RETURN TO NEWS & NOTES
Garments in every form are the subject of formal exhibitions this fall and winter. Via catalog and Internet, you can enjoy some of them at home:
- Conceptual garments that tackle themes such as “brotherhood of humanity,” “physical need,” and “future and survival” are featured in Pattern Language: Clothing as Communicator, a traveling exhibition curated by Judith Hoos Fox. The show opened in fall 2005 at Tufts University Art Gallery in Medford, Massachusetts; will be on view at the Krannert Art Museum in Champaign, Illinois, January 20–April 9; and will travel to Santa Barbara, California, and Minneapolis, Minnesota, later in 2006. More details and a fun interactive display of the works in the show can be found at www.tufts.edu/as/gallery/shows/PL.

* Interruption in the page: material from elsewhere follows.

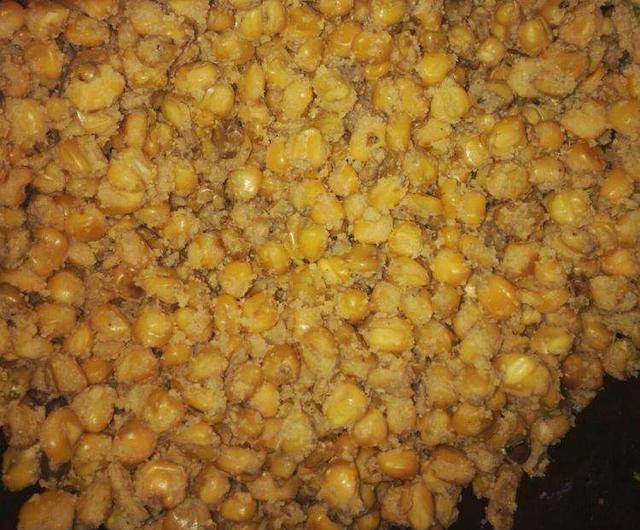 1、第一步 我们将干玉米用清水浸泡两天左右的时间。浸泡的主要目的是让干玉米充分吸水,在浸泡的过程中,要勤换水,这样能防止玉米发生酸臭的现象(一般我都是半天更换一次,刚好上下班的时间更换)。下一步将浸泡两天的玉米,冷水下锅开煮。建议大家用柴火灶煮哈,要不然老婆会挨骂的(因为会有点费气或费电,如果确实不方便,可以按比例减少材料配比,可分多次制作,减少挨骂)。先用大火煮大约四十分钟,之后我们再用小火焖半小时,这样煮出来的玉米很香,味道香甜香甜的,玉米粒状像开花了一样,用手一捏就可以捏碎,这样的状态就正好。再起锅,捞出煮好的玉米把它水沥干,然后再铺开晾干。
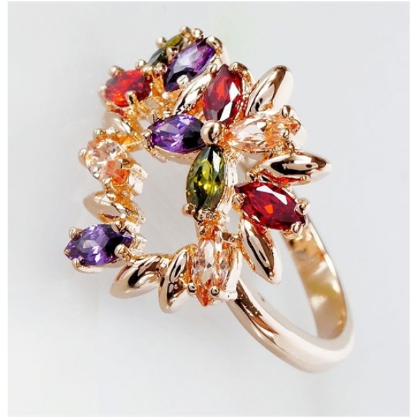 • Кольцо с фианитом микс "камелия"

The traveling show Pattern Language: Clothing as Communicator will be
on view at the Krannert Art Museum in Champaign, Illinois, January 20–April 9. Shown is work by Alicia Framis, Anti_Dog Copywriting Unwanted Sentences,
3 May 2003, Birmingham. Photo courtesy of the artist.
- Brilliant hues are the focus of Fashion in Colors, on display December 9, 2005–March 26, 2006, at the Smithsonian’s Cooper-Hewitt, National Design Museum in New York. Initially organized by the Kyoto Costume Institute (KCI) Japan, the show explores color as a design element through three hundred years of Western fashion and examines changing perceptions of color through various ages and cultures. More than sixty garments from KCI’s collection are included. A lot of the garments can be seen online (ndm.si.edu/exhibitions/fashion_in_colors), and a full-color catalog (288 pages, $45) is available from publisher Assouline
(www.assoulineusa.com).

The Cooper-Hewitt, National Design Museum in New York presents Fashion
in Colors December 9, 2005–March 26, 2006. Shown here is the Multicolor
Room from the show’s installation at the National Museum of Modern Art
in Kyoto, Japan. Photo: Naoya Hatakeyama.
- Silk & Leather: Splendid Attire of Nineteenth-Century Central Asia, at The Textile Museum in Washington, D.C., is on view through February 26. The exhibition features thirty-eight garments and accessories such as coats, children’s clothing, hats, boots, belts, and veils. It honors Caroline McCoy-Jones, who donated two of the coats to the museum’s collection. A catalog (36 pages, $18), with an essay by show curator John T. Wertime and color images, can be ordered at textilemuseumshop.org.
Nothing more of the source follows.